En revanche l’augmentation des taxes peut être beaucoup moins douloureuse si elle frappe
l’épargne des ménages ou les importations. En effet, une taxe sur l’épargne équivaut à lever
un emprunt obligatoire à taux zéro, en ponctionnant des revenus qui par définition ne sont pas
utilisés. La baisse des capitaux disponibles sur les marchés obligataires peut être compensée
par une augmentation de l’offre de crédits bancaires, si bien que le coût de refinancement des
entreprises peut rester inchangé. Une taxe sur les importations permet d’améliorer la balance
commerciale ce qui a effet positif sur le PIB. L’Etat doit donc prioritairement cibler les hauts
salaires ou les revenus du capital qui sont en grande partie épargnés (dividendes, intérêts
obligataires, plus values mobilières etc.) et taxer les produits en provenance du reste du
monde, notamment le gaz, le pétrole et le charbon, à l’origine de nos émissions de gaz à effet
de serre.
D’après le théorème d’Haavelmo, l’effet récessif d’une baisse des dépenses est donc
beaucoup plus important que l’effet récessif d’une hausse des taxes, puisque cette dernière
siphonne en partie des revenus qui dorment. A fortiori, l’effet négatif d’une hausse
significative des impôts (l’effet multiplicateur est estimé à -0,96 par Bercy) peut être plus que
compensé par l’effet expansif d’une faible augmentation des dépenses (l’effet multiplicateur à
court terme est estimé à 1,3 selon Bercy).
On peut donc en déduire une troisième voie qui permettrait de réduire les déficits et de
sortir de la crise par le haut : il s’agit d’un cocktail savamment dosé d’une hausse substantielle
d’impôts et d’une augmentation modérée des dépenses, notamment des investissements
productifs, qui génèrent à terme de nouveaux revenus. La construction de logements et les
investissements verts font partie de ceux-là.
D’après la cour des comptes, une augmentation de la progressivité de l’impôt sur le revenu
pourrait générer 10 milliards de recettes supplémentaires, la suppression des exonérations
dont bénéficient les revenus du capital prodiguerait à l’Etat 20 milliards et d’après l’ADEME,
l’instauration d’une contribution climat énergie et l’alignement progressif de la fiscalité du
diesel sur l’essence pourraient rapporter 15 milliards d’euros en plus. Au total, l’Etat pourrait
donc se procurer 45 milliards de recettes supplémentaires. Cependant, il est peu probable qu’il
augmente les taxes énergétiques sans offrir de compensation aux agents, via une baisse de la
CSG, ou des cotisations employeurs, d’un montant égal à 10 milliards.
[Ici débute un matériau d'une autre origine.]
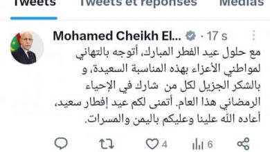 أعرب رئيس الجمهورية محمد ولد الشيخ الغزواني في تغريدة نشرها مساء الخميس، على “تويتر”، عن تهانيه لكافة الموريتانيين بمناسبة حلول عيد الفطر المبارك.…

Il est possible de diminuer les déficits sans laminer l’emploi, en augmentant les impôts de 35
milliards et les investissements de 25 milliards, notamment en consacrant 15 à 20 milliards
aux transports collectifs urbains, aux énergies renouvelables et à l’isolation du bâti. Cette
équation permettrait de diminuer dans l’immédiat le déficit public de 10 milliards, soit 0,5%
de PIB, et nos émissions de gaz à effet de serre de 4%. Cette manne budgétaire suffirait
presque à couvrir le déficit des caisses du régime général des retraites (12 milliards).1
Cette politique volontariste nous permettrait de ramener le déficit public sous la barre des 3 %
en 2013 tout en réduisant le chômage. Mais s’il fallait résorber totalement les déficits en
poursuivant dans cette voie, pour ne pas aggraver le chômage, il faudrait augmenter de 10
points de PIB supplémentaires les prélèvements obligatoires, ce qui paraît politiquement
délicat. Cette recette a donc une limite : le consentement à payer l’impôt. On ne peut faire
croître indéfiniment la part des prélèvements obligatoires dans le PIB, qui s’élèvent déjà à
45%, à moins d’augmenter fortement la progressivité de l’impôt.
1 Le déficit de la sécurité sociale s’élevait à 14 milliards en 2011.